Strict Weak Ordering and the C++ STL
We are told in algorithms class that the majority of programming tasks can be reduced to sorting and/or searching. As such there are many very general and highly efficient algorithms dedicated to both these tasks implemented in the C++ STL. As a part of the generality of these algorithms, they can be applied to any data type as long as you define a comparator for them.
The comparator is a function for comparing two elements and determining their relationship to each other. For numbers it’s clear what
x < y means, for characters we may adopt alphabetical order and for words you can use lexicographical order. Once you have a comparator declared, you gain access to a wealth of powerful algorithms in the C++ STL for efficient operations on a vector of some arbitrary data type. You can use it for dates, students, zoo animals or books as long as you can tell your algorithm which one should come before the other when two elements are compared.

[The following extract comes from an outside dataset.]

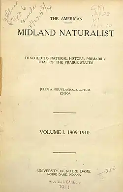 The American Midland Naturalist was a quarterly peer-reviewed scientific journal covering natural history. It was established in 1909 by Julius Nieuwland and was published by the University of Notre Dame.[1] According to the Journal Citation Reports, the journal had a 2013 impact factor of 0.621.[2]
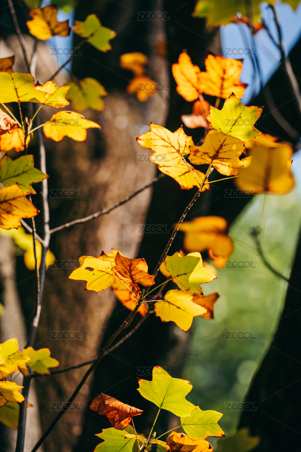 秋天蓝天下多彩的枫叶

Now there is one very immediate issue that comes to mind, what if your data has a circular relationship? For example in rock-paper-scissors you have
scissors > paper,
rock > scissors,
paper > rock. In this awkward case it’s impossible to properly sort a vector of such elements, meaning that it’s impossible to guarantee that for any member of the vector, that element is always greater than any element to its left and lesser than any element to its right. This is an undefined behaviour in C++, there are no rules for how this is supposed to be handled, the compiler cannot work out that your comparator is valid. Your program may or may not crash, and it may or may not produce mildly sensible looking results that fool you at a glance (for example putting all the scissors first, then rocks, then papers).
Strict Weak Ordering
Having a circular relationship is called non-transitivity for the
< operator. It’s not too hard to realise that if your relationships are circular then you won’t be getting reasonable results. In fact there is a very strict set of rules that a data type and its comparators must abide by in order to get correct results from C++ STL algorithms, that is strict weak ordering. In general we need only define the
< operator and we will get
== for free because:
a > bis equivalent to
b < a
a == bis equivalent to
!(a < b) && !(b < a)
Then for strict weak ordering we must have
- For all
x < xis never true, everything should be equal to itself
x < ythen
y < xcannot be true
x < yand
y < zthen
x < z, the ordering should be transitive
x == yand
y == zthen
x == z, equality should be transitive
Example of Failure
It’s difficult to imagine how one might violate the first condition and second of strict weak ordering accidentally. The third condition is violated in our rock-paper scissors example and it’s reasonably easy to understand how such a violation prevents proper sorting. But the fourth condition is subtle and is the pitfall that caught me.
We will demonstrate the problem using intervals, each
interval has two properties
end. We say that:
interval1 < interval2 if
interval1.end < interval2.start
That is to say that for two disjoint intervals, the “lesser” one ends before the “greater” one starts. For example we have
[1, 10] < [14, 25] and
[14, 25] > [10, 13]. This on the surface appears to give us a really nice property, that two intervals are considered equal if they are overlapping. For example
[10, 15] == [14, 25]. One of the most common operations on intervals is to find all overlapping intervals, one might think “Great! Once I’ve sorted I can use
std::equal_range to get all overlapping intervals.”
Had you violated any of the first 3 conditions, you might quickly encounter garbage results that alert you to an issue, but violating the fourth has very subtle consequences. The fourth condition has been violated by our intervals because
[1, 5] == [2, 10] and
[4, 10] == [8, 15] but
[1, 5] != [8, 15]
This means that the results of the STL operations will be undefined, in particular let’s say we had a set of intervals ordered as follows:
[[4, 10], [1, 5], [8, 15], [20, 30]]
This is a correct ordering based on our rules, if you do the pairwise comparisons between any two elements you can see they are in fact in a permissible order.
So we technically have a sorted array, which means we should be able to leverage fast algorithms that require sorted arrays, primarily binary search. With our definition of inequality, we have the convenient fact that equality holds when two intervals overlap, so it is tempting to think that we could use binary search to quickly find overlapping intervals.
Consider the interval
[6, 7], we start in the middle and check
[1, 5], we find that
[6, 7] > [1, 5] and so we move onto the right side of the array to continue our search, and clearly neither
[8, 15] nor
[20, 30] overlaps our interval. But actually
[4, 10] overlaps
[6, 7] and was never considered due to the nature of binary search. THIS is the danger we face when we do not provide a comparator that satisfies strict weak ordering.
It is a most insidious bug, because many results may appear correct, it was only by a very specific arrangement that I was able to produce an incorrect result. Such a problem would be difficult to discover and subsequently debug; we are generally interested in fast algorithms when dealing with large data, where it’s infeasible to check by hand the full data set. But the act of creating a smaller test set changes the path taken by the algorithm and can suddenly yield the correct result.
The take-away is to always pay attention to requirements if they exist and in general be mindful of how you apply STL algorithms such you do not find yourself in the land of undefined behaviour.